Starting at the line that contains "- 【Enough Storage", transcribe each line exactly through the end of the data below, and skip any pictures.

**Input data**
____________
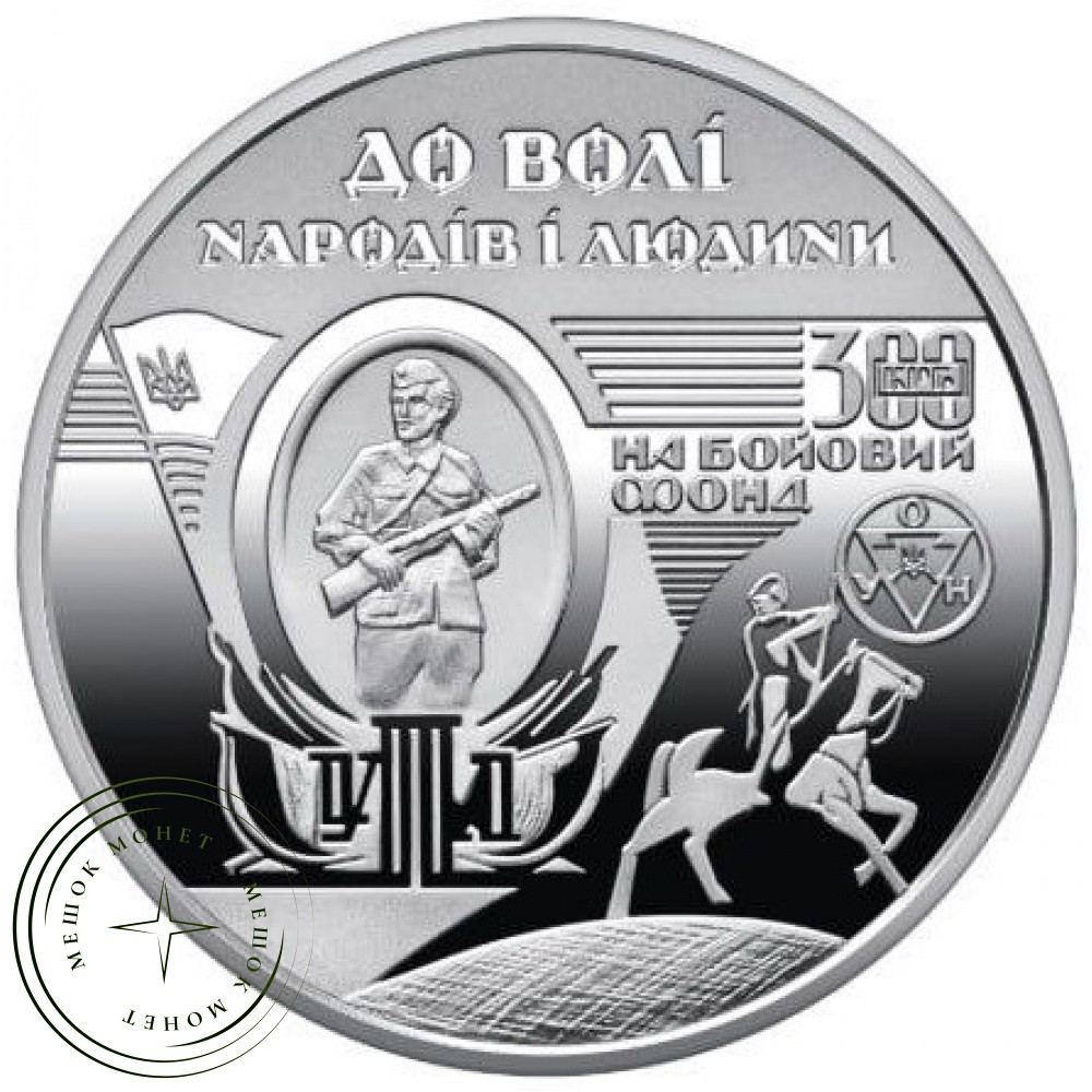 Реверс (обратная сторона): Изображена символическая композиция, стилизованная под бофон (подпольный денежный знак УПА). Композиция включает фрагменты графики Хасевича, надписи «ДО ВОЛІ! НАРОДІВ І ЛЮДИНІ» и «300 КРБ НА БОЙОВИЙ ФОНД».
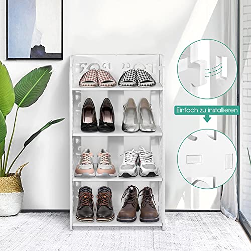 - 【Enough Storage Space】: There are four floors of the shoe rack. This storage rack can ensure sufficient ability to store shoes and keep the shoes tidy to make your family well organize. Usually only need to clean the dust and stains with a wet cloth to keep it clean
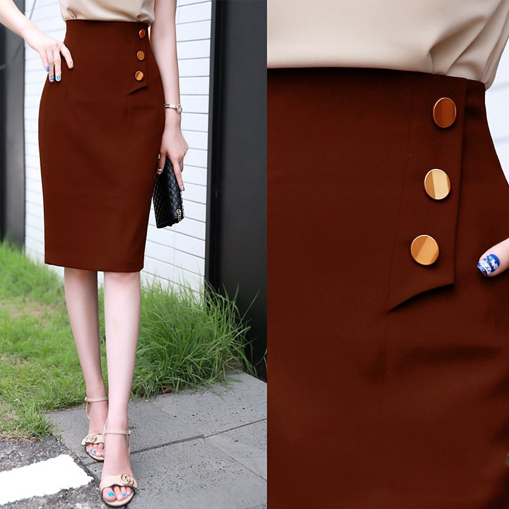 - Tên sản phẩm: Chân váy bút chì lưng cao thiết kế phối nút phong cách LC19 chất liệu vải nhập có độ co giản tốt.
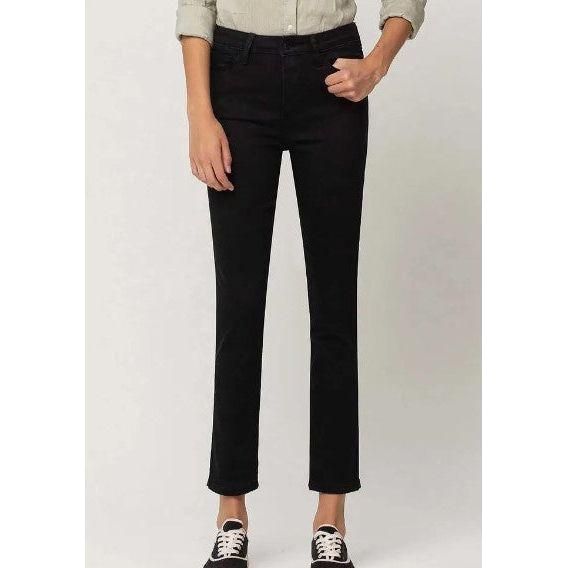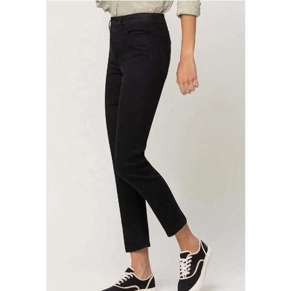 Vervet Black Washed High Rise Hidden Button Up Straight Ankle
____________
**Solution to this exercise**
 - 【Enough Storage Space】: There are four floors of the shoe rack. This storage rack can ensure sufficient ability to store shoes and keep the shoes tidy to make your family well organize. Usually only need to clean the dust and stains with a wet cloth to keep it clean
 - Tên sản phẩm: Chân váy bút chì lưng cao thiết kế phối nút phong cách LC19 chất liệu vải nhập có độ co giản tốt.
 Vervet Black Washed High Rise Hidden Button Up Straight Ankle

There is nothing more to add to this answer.